YOUR ASSIGNMENT: Your task is to copy the stretch of lines in the records below that begins with the line containing "Elegantne cipele uz mom jeans za ured" and ends with the line containing "素材は高級山羊毛の粗光峰とP", exactly as written, with nothing added.
INPUT MATERIAL Block Start
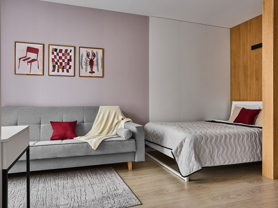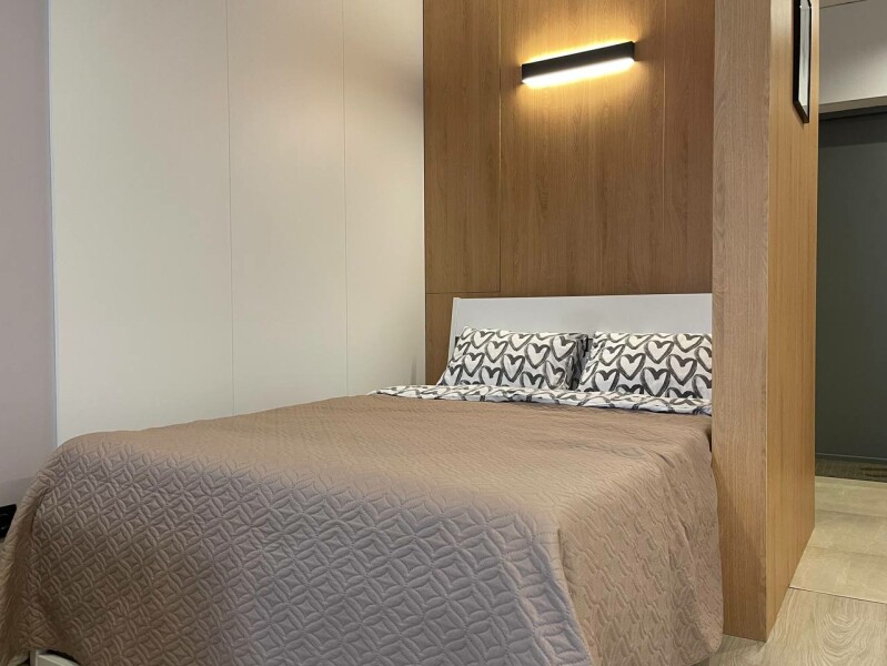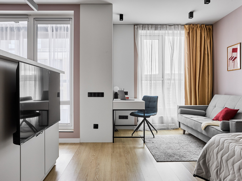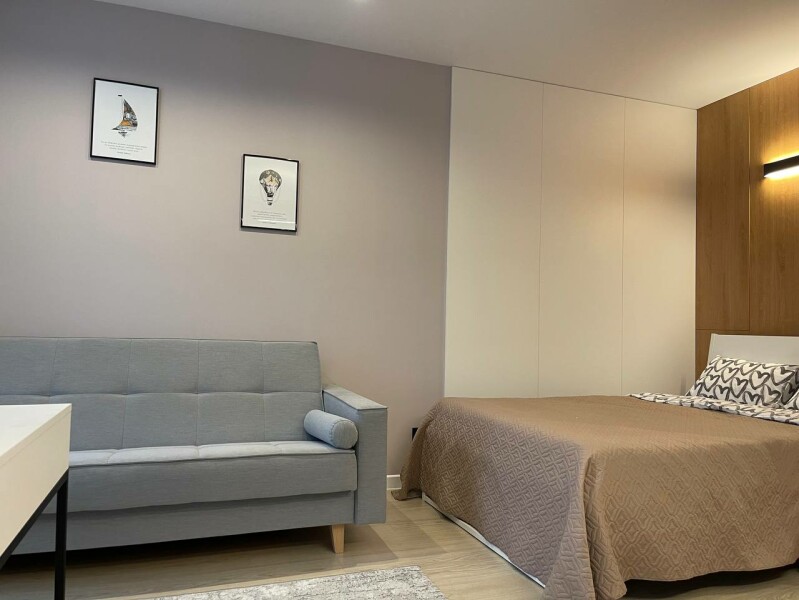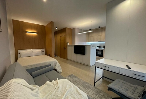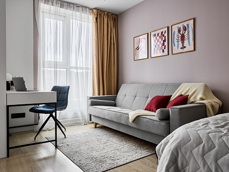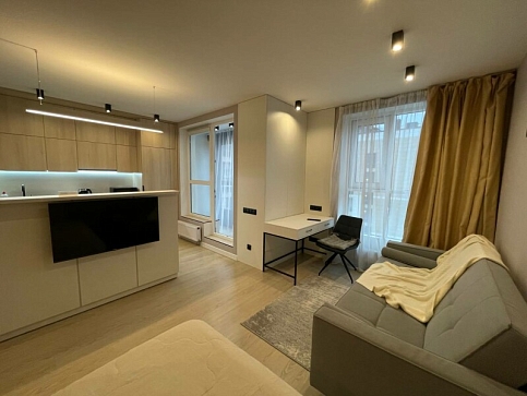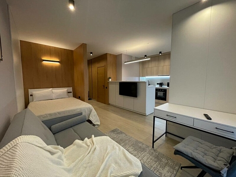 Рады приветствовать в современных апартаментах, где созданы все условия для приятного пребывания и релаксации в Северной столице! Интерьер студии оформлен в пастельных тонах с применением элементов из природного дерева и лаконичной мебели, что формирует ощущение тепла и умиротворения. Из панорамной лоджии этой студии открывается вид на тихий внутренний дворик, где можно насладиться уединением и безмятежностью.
INPUT MATERIAL Block End
INPUT MATERIAL Block Start
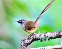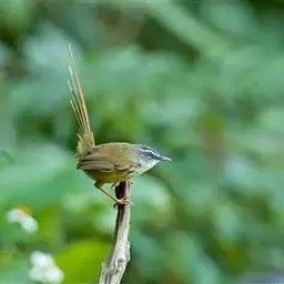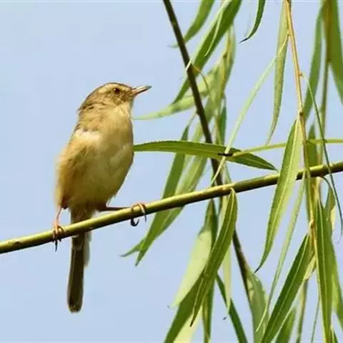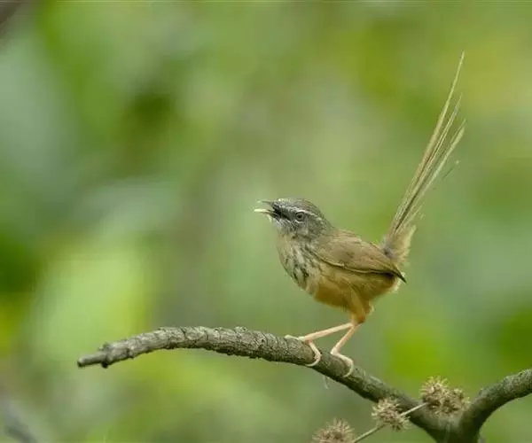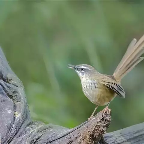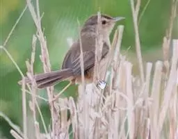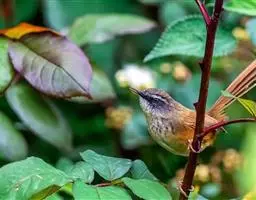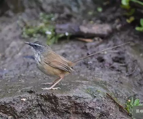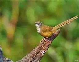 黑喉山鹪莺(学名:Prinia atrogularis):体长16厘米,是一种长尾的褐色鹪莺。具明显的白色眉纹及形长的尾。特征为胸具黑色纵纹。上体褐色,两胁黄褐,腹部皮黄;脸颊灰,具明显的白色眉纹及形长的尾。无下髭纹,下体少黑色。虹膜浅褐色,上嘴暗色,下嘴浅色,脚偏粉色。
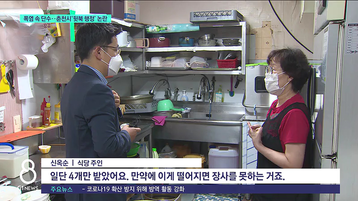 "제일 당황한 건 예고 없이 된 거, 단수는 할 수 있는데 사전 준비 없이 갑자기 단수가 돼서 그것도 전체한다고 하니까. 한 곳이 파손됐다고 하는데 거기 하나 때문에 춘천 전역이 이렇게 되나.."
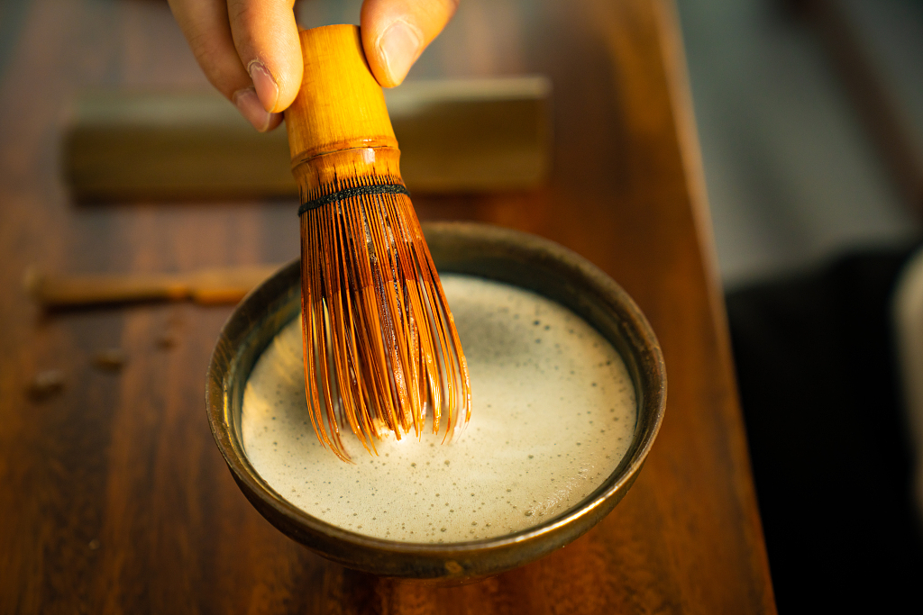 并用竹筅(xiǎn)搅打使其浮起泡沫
INPUT MATERIAL Block End
INPUT MATERIAL Block Start
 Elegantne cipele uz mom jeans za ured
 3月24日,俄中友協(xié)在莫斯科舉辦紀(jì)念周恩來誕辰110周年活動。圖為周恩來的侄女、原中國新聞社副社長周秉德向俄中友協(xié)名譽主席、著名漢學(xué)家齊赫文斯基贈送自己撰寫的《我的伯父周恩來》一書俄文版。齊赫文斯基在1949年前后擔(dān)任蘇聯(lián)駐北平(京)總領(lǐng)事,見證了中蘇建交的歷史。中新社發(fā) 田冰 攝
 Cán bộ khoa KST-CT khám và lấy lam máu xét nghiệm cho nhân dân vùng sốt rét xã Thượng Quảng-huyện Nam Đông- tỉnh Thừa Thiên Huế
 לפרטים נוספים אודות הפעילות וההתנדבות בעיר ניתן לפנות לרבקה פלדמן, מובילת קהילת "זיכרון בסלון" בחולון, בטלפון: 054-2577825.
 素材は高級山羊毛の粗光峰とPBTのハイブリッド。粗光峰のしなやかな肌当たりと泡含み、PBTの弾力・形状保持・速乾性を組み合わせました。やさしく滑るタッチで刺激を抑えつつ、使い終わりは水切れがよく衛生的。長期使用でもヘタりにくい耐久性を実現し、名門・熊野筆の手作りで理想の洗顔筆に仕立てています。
INPUT MATERIAL Block End
RESULT OF THIS EXERCISE:
 Elegantne cipele uz mom jeans za ured
 3月24日,俄中友協(xié)在莫斯科舉辦紀(jì)念周恩來誕辰110周年活動。圖為周恩來的侄女、原中國新聞社副社長周秉德向俄中友協(xié)名譽主席、著名漢學(xué)家齊赫文斯基贈送自己撰寫的《我的伯父周恩來》一書俄文版。齊赫文斯基在1949年前后擔(dān)任蘇聯(lián)駐北平(京)總領(lǐng)事,見證了中蘇建交的歷史。中新社發(fā) 田冰 攝
 Cán bộ khoa KST-CT khám và lấy lam máu xét nghiệm cho nhân dân vùng sốt rét xã Thượng Quảng-huyện Nam Đông- tỉnh Thừa Thiên Huế
 לפרטים נוספים אודות הפעילות וההתנדבות בעיר ניתן לפנות לרבקה פלדמן, מובילת קהילת "זיכרון בסלון" בחולון, בטלפון: 054-2577825.
 素材は高級山羊毛の粗光峰とPBTのハイブリッド。粗光峰のしなやかな肌当たりと泡含み、PBTの弾力・形状保持・速乾性を組み合わせました。やさしく滑るタッチで刺激を抑えつつ、使い終わりは水切れがよく衛生的。長期使用でもヘタりにくい耐久性を実現し、名門・熊野筆の手作りで理想の洗顔筆に仕立てています。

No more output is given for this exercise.